11. La proposition de résolution à l’origine de ce rapport souligne
que l’Assemblée devrait examiner les différentes approches nationales
visant à engager les hommes et les garçons dans la promotion de
l’égalité des genres et des droits des femmes, afin de prévenir
toutes les formes de violence. J’ai essayé d’identifier et de promouvoir
les initiatives inspirantes et les bonnes pratiques sur ce sujet,
en accordant une attention particulière aux initiatives parlementaires.
Je me suis intéressée aux campagnes de sensibilisation, telles que la
campagne «Don’t be that guy»
de
Police Scotland. Cette campagne appelle les hommes à se demander mutuellement
des comptes et à prévenir les abus. Elle présente des situations
concrètes et ce que les hommes peuvent faire.
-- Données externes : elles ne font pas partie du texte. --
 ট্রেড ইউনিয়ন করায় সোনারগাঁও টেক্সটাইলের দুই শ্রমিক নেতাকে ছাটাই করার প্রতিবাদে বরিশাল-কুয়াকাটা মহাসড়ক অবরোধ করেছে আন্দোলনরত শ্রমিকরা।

12. La proposition de résolution insiste également sur le fait
que les parlementaires hommes devraient montrer l’exemple à cet
égard. Les hommes occupant des postes de premier plan dans le domaine
de la politique, du sport, de la culture, des médias et de la police
devraient s’exprimer
. Cela m’a conduite à organiser
des réunions bilatérales avec les responsables des groupes politiques
à l’Assemblée et avec les hommes présidant des commissions.
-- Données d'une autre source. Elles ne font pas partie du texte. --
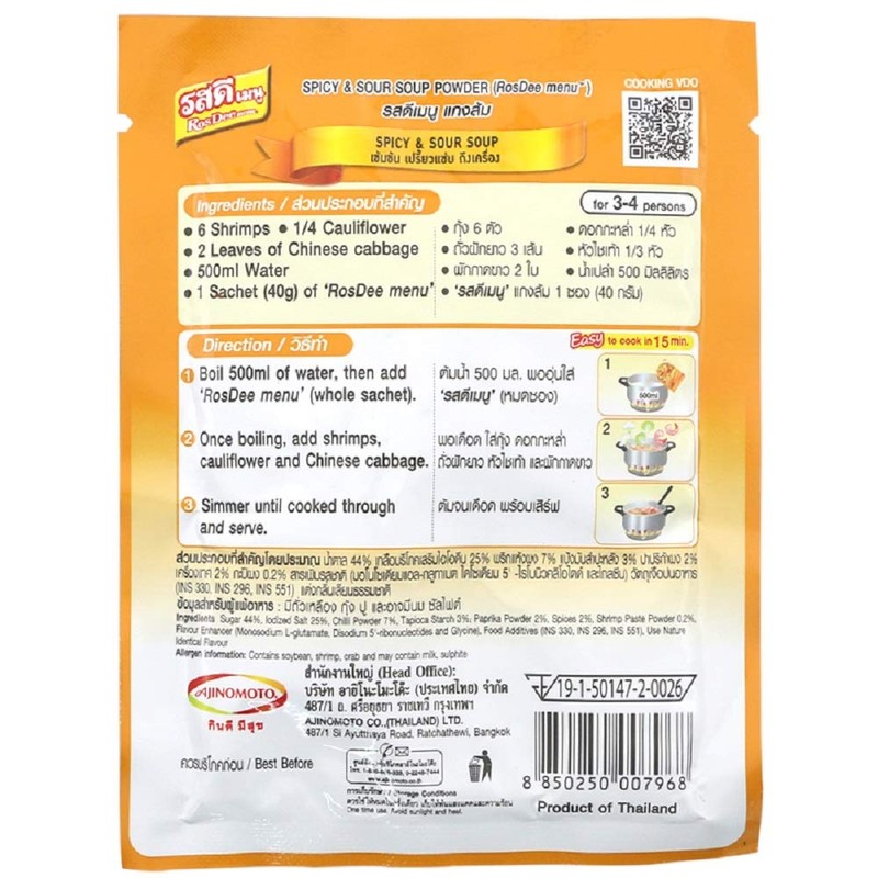RosDee menu, Spicy and Sour Soup Powder, Thai Sour Turmeric Soup 40g X 3 Packs

13. J’ai essayé, dans ce rapport, de souligner l’importance du
rôle joué par les témoins dans la contestation des comportements
répréhensibles
.
14. J’ai échangé avec différents interlocuteurs et interlocutrices
sur la façon de surmonter les réticences des hommes à s’engager
sur ce sujet. Comment pouvons-nous faire en sorte que la prévention
de la violence fondée sur le genre compte pour les hommes? L’objectif
de ce rapport est de contribuer à sensibiliser à la responsabilité
des hommes et des garçons dans la lutte contre la violence fondée
sur le genre et à promouvoir des outils concrets visant à les encourager
à s’engager sur cette question.
15. Après le scandale concernant des comportements sexuels abusifs
de membres du jury et de membres du groupe de l’émission Voice of
Holland, un débat de plusieurs semaines a eu lieu aux Pays-Bas sur
la responsabilité des employeurs et des entreprises du secteur du
divertissement et d’autres secteurs de fournir un environnement
de travail sûr
.
Au cours de ce débat, les hommes ont manifesté un vif intérêt pour
la manière dont ils peuvent contribuer activement à la prévention
et à la lutte contre la violence fondée sur le genre.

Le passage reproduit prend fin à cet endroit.